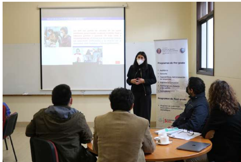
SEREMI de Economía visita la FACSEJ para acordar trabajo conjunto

==

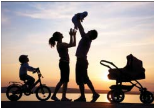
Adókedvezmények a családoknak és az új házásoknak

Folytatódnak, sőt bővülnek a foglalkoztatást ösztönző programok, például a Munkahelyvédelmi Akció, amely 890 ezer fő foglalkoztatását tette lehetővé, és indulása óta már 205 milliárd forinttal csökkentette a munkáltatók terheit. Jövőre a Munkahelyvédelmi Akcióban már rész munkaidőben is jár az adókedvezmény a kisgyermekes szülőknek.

---

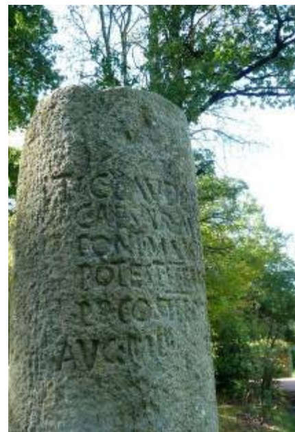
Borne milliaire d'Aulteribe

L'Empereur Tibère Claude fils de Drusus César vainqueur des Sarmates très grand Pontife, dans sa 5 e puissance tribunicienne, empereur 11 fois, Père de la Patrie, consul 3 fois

▸ What is needed:
Among the entries above, copy exactly only the lines starting with the one containing "Adókedvezmények a családoknak" and going through the one containing "Folytatódnak, sőt bővülnek", both ends included.

▸ Written response:
Adókedvezmények a családoknak és az új házásoknak

Folytatódnak, sőt bővülnek a foglalkoztatást ösztönző programok, például a Munkahelyvédelmi Akció, amely 890 ezer fő foglalkoztatását tette lehetővé, és indulása óta már 205 milliárd forinttal csökkentette a munkáltatók terheit. Jövőre a Munkahelyvédelmi Akcióban már rész munkaidőben is jár az adókedvezmény a kisgyermekes szülőknek.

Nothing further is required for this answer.